▶ EXERCISE:
The material below holds the lines to copy: from the one with "YRTCL Pirinç Gümüş" up to and including the one with "q When opening". Copy them exactly and skip the pictures.
::: PROVIDED DATA
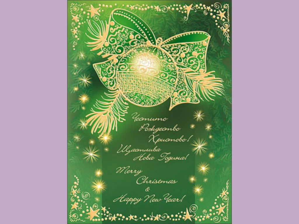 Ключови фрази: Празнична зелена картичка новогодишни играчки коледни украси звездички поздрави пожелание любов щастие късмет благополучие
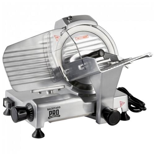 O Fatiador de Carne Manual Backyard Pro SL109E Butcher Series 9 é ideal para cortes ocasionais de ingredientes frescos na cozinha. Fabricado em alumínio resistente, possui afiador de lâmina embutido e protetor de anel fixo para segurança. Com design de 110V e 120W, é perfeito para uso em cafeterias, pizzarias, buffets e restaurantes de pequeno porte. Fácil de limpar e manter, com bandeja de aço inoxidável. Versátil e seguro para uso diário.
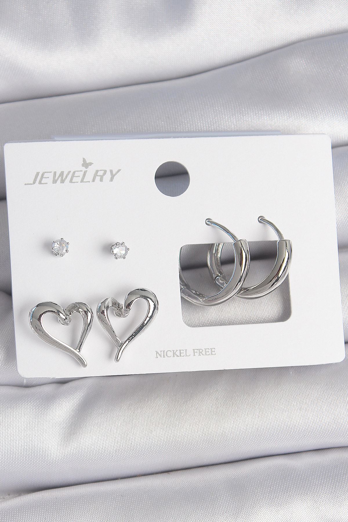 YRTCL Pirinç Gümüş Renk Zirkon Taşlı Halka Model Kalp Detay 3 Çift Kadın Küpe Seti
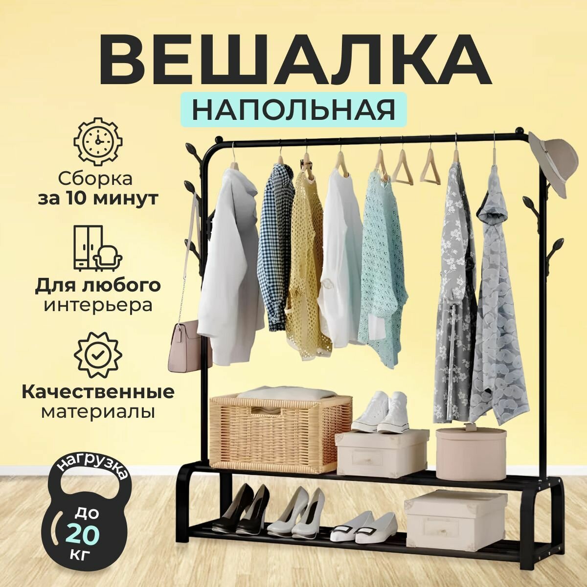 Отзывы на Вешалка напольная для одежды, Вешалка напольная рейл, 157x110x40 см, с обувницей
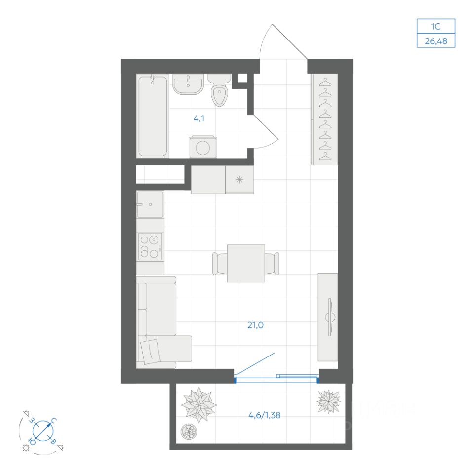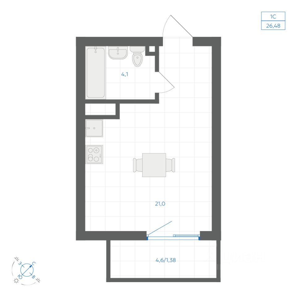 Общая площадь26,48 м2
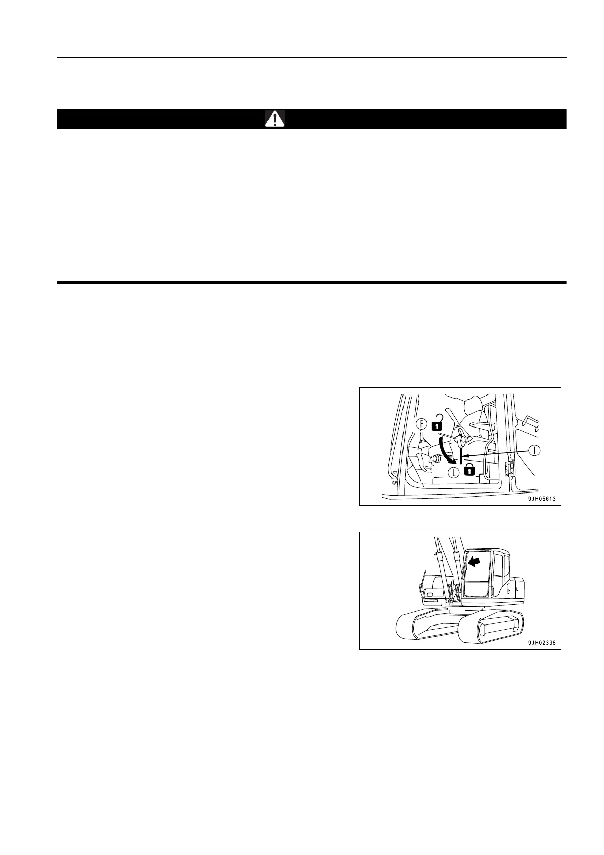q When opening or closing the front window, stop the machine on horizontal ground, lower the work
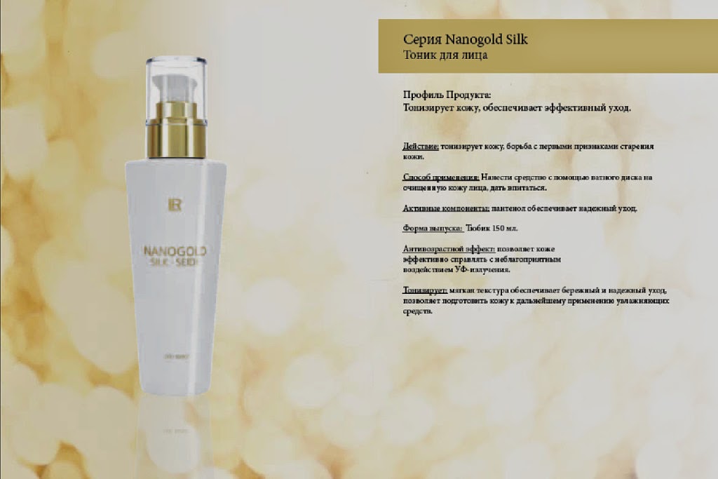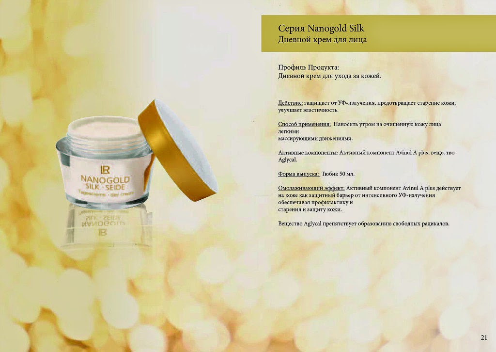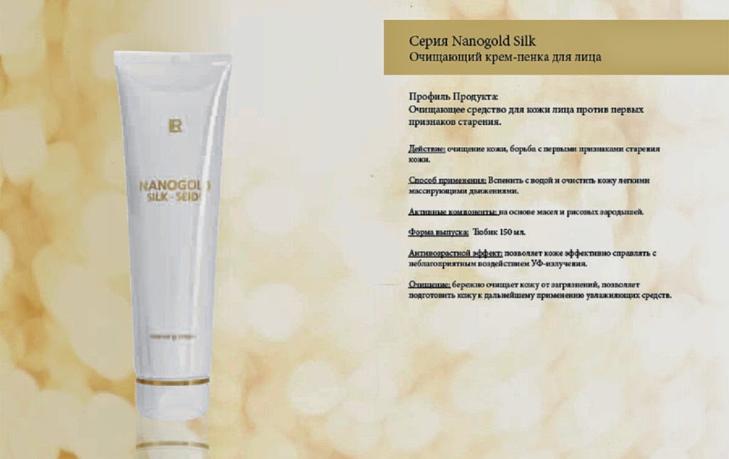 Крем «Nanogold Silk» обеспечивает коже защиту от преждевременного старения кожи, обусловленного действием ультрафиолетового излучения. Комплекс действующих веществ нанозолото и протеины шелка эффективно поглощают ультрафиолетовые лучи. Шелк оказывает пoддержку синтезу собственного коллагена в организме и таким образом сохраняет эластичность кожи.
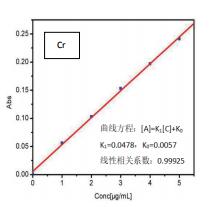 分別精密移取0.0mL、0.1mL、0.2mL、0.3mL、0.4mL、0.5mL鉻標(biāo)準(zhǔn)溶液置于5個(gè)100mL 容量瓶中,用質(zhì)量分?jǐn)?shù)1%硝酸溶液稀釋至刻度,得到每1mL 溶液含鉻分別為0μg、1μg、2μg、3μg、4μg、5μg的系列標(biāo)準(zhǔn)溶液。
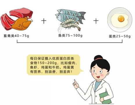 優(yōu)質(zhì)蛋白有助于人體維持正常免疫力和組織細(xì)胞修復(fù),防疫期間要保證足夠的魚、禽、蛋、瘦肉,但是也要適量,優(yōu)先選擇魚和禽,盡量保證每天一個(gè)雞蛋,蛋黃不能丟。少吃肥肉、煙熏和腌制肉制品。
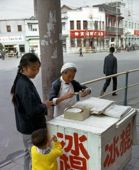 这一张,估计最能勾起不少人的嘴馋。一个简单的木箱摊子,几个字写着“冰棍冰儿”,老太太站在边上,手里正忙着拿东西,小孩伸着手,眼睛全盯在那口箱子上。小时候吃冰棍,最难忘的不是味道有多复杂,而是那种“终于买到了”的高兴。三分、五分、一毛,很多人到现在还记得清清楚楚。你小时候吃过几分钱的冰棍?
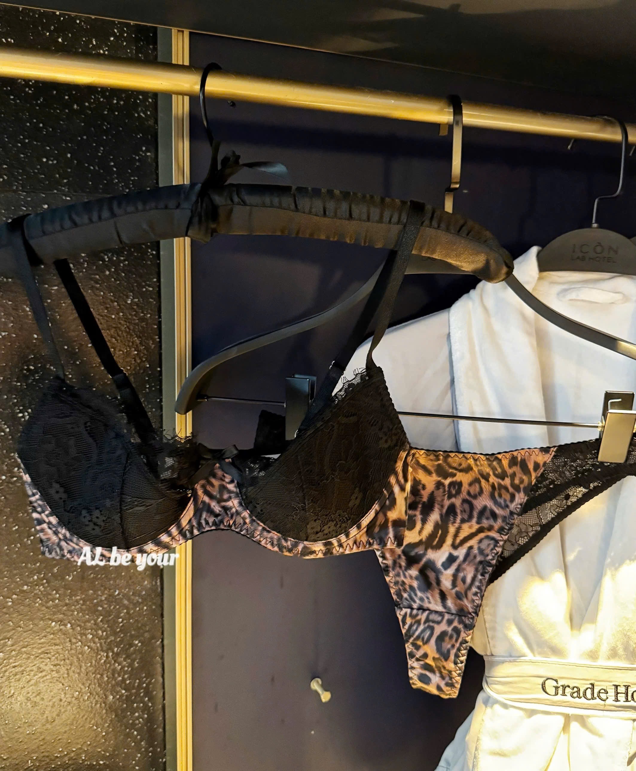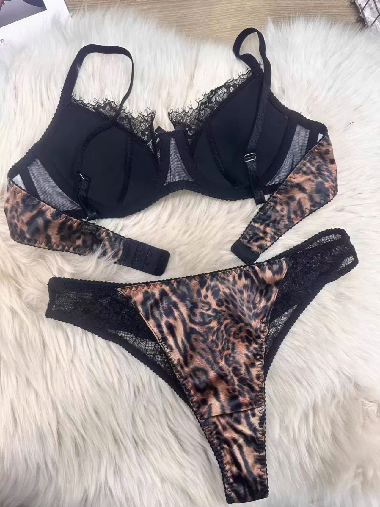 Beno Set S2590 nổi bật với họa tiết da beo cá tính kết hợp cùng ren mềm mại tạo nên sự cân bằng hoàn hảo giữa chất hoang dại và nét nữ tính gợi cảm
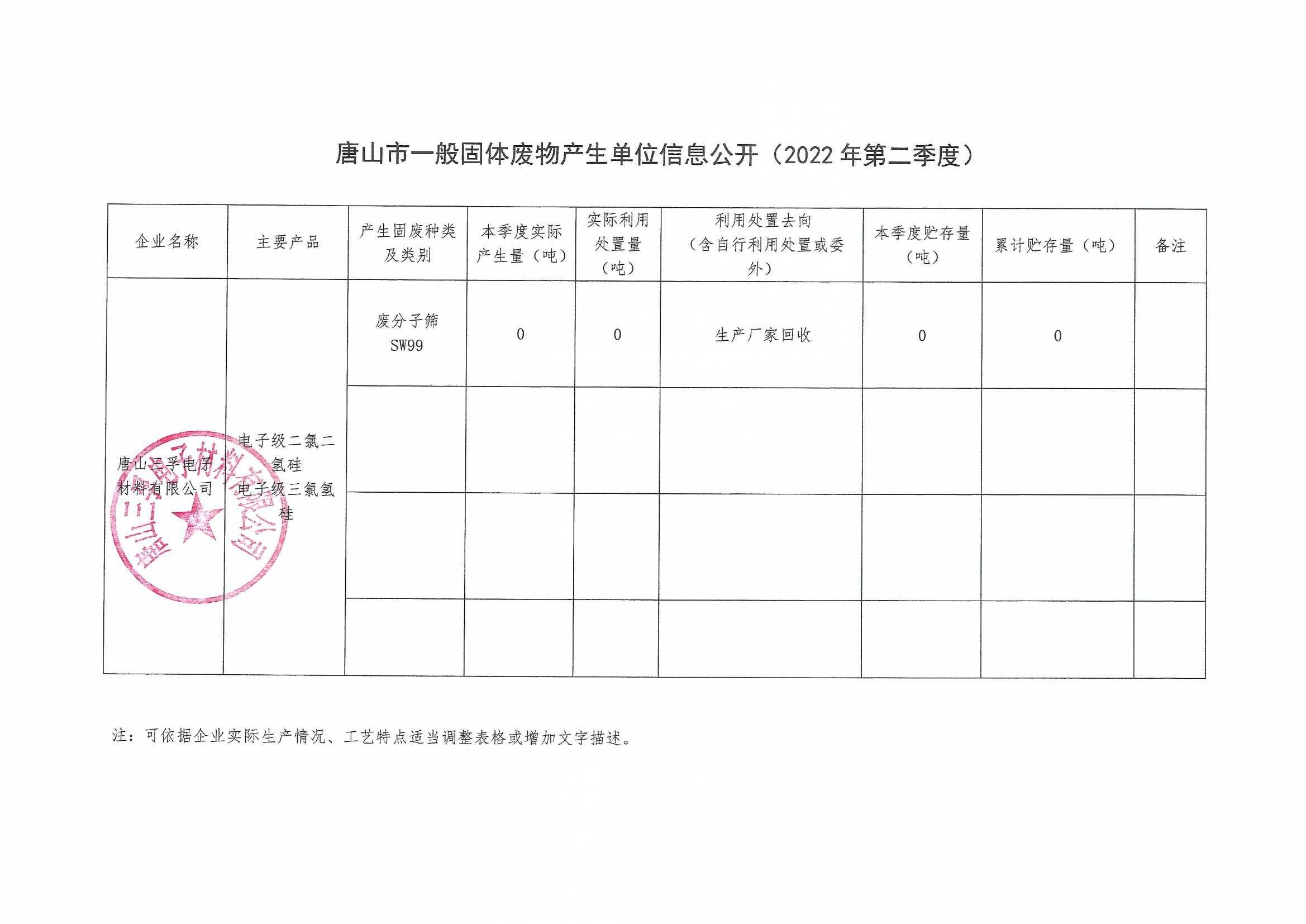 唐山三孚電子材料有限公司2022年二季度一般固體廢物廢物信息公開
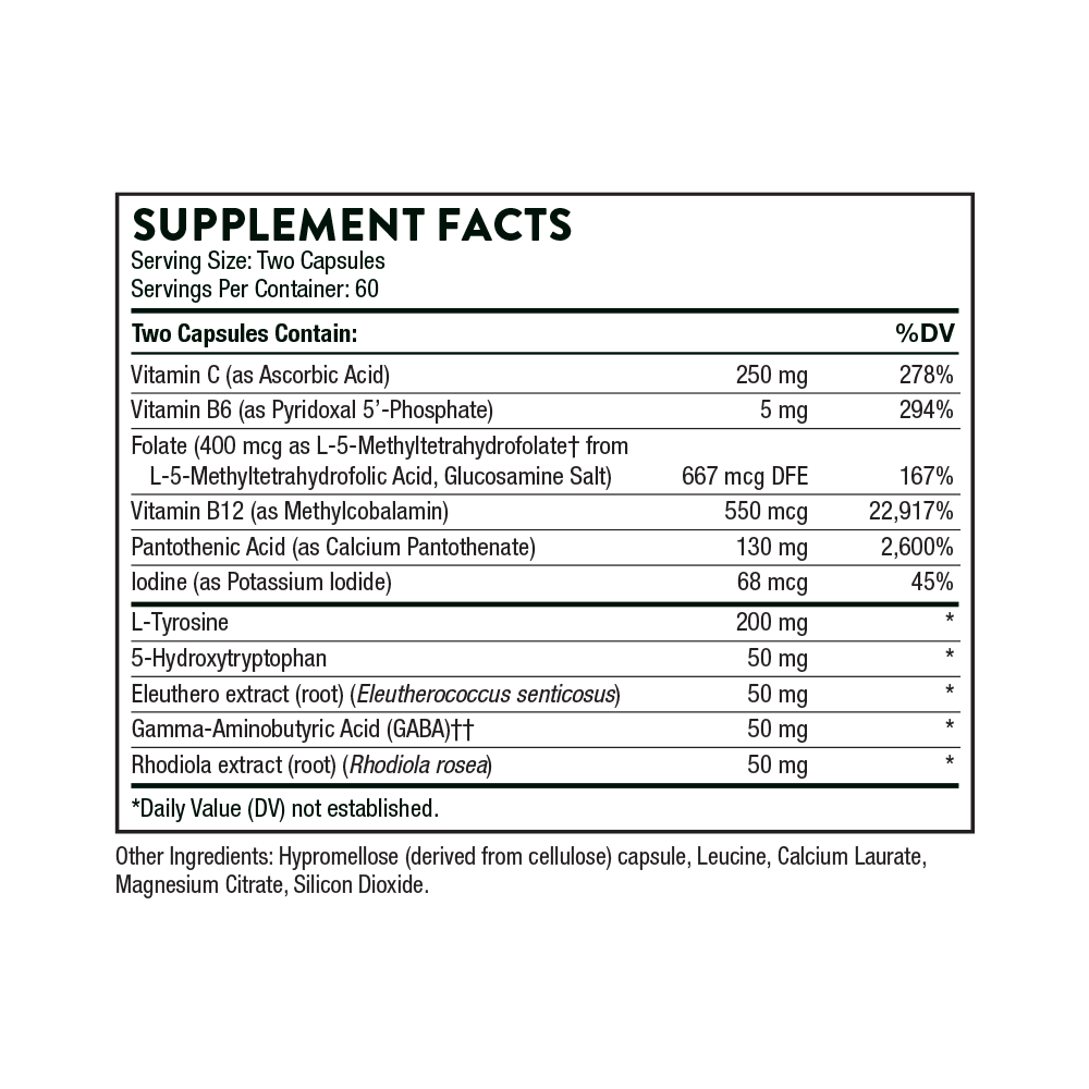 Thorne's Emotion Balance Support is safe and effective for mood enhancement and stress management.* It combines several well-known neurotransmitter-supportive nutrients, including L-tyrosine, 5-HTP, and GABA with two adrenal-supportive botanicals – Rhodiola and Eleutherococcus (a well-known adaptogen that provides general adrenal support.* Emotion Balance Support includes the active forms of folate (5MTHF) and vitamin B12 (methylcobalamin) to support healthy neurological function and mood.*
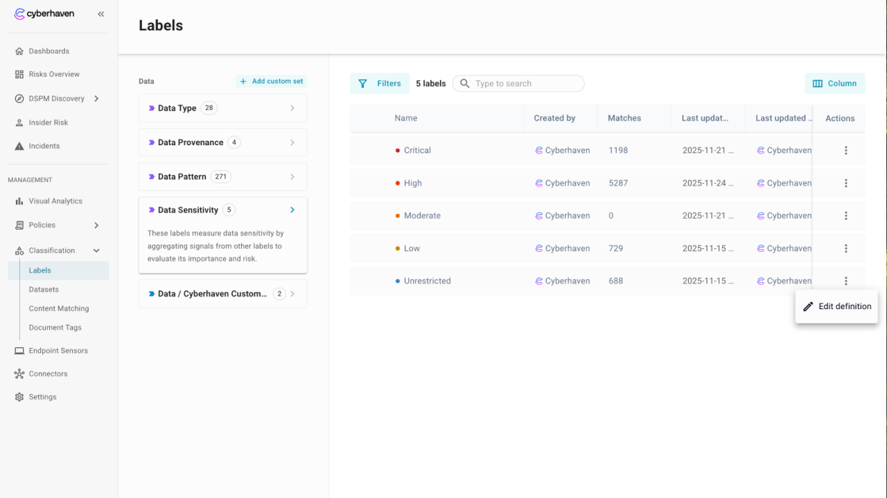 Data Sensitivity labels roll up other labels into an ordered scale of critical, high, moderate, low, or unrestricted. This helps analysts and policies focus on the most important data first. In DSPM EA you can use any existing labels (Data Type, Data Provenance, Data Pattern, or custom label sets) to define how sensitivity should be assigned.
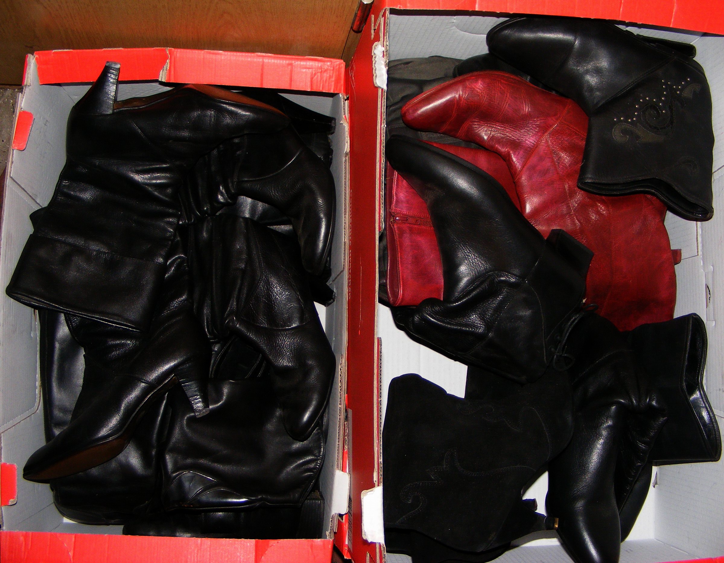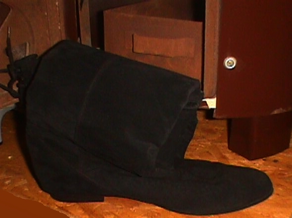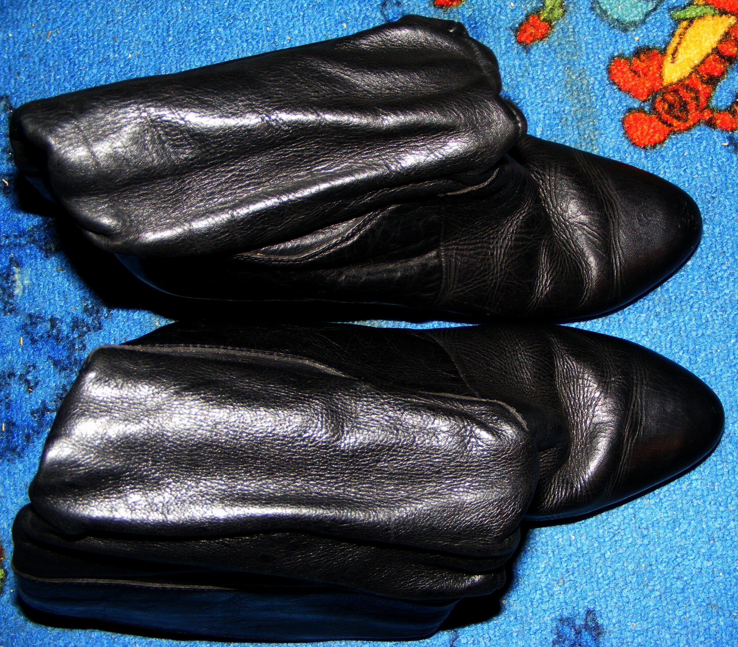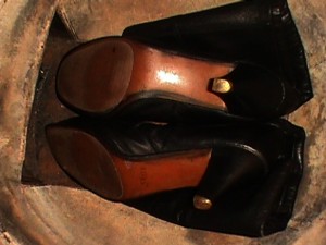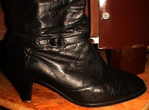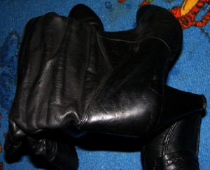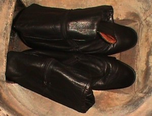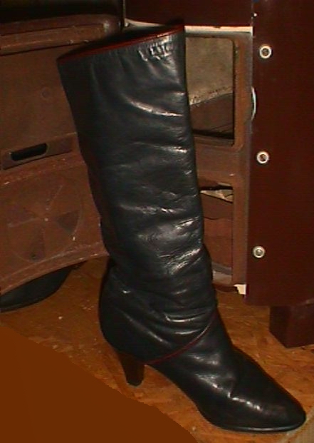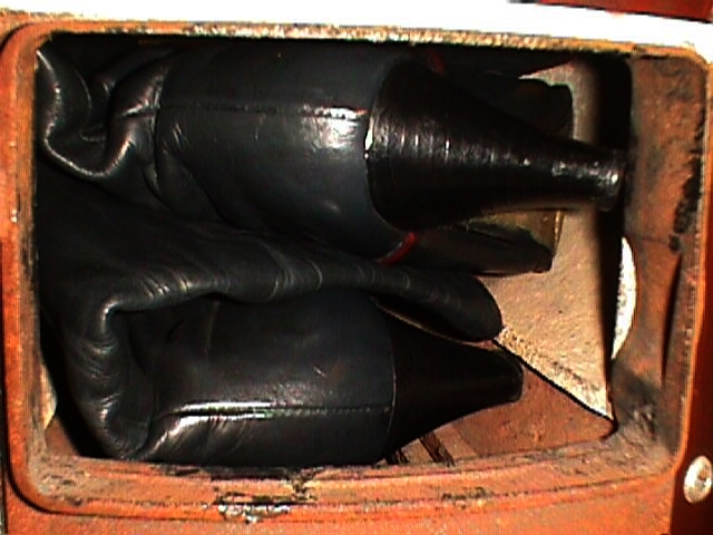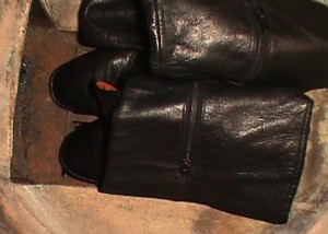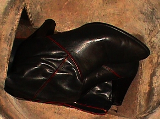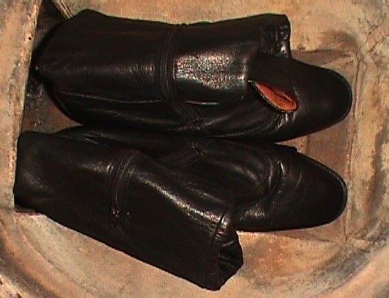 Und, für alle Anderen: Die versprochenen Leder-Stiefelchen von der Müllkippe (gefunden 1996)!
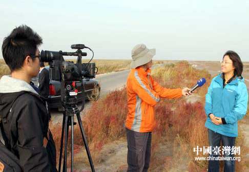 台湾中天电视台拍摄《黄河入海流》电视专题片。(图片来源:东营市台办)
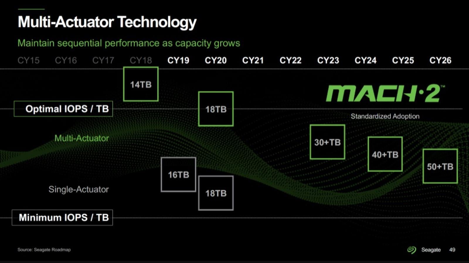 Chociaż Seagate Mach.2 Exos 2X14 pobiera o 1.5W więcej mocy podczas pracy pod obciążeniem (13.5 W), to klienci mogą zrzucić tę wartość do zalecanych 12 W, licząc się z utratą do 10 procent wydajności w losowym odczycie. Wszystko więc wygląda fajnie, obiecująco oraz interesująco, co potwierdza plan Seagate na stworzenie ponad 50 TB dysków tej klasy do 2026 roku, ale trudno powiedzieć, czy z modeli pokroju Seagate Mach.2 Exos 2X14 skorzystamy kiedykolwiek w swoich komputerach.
::::::
▶ THE COMPLETED TASK:
 YRTCL Pirinç Gümüş Renk Zirkon Taşlı Halka Model Kalp Detay 3 Çift Kadın Küpe Seti
 Отзывы на Вешалка напольная для одежды, Вешалка напольная рейл, 157x110x40 см, с обувницей
 Общая площадь26,48 м2
q When opening or closing the front window, stop the machine on horizontal ground, lower the work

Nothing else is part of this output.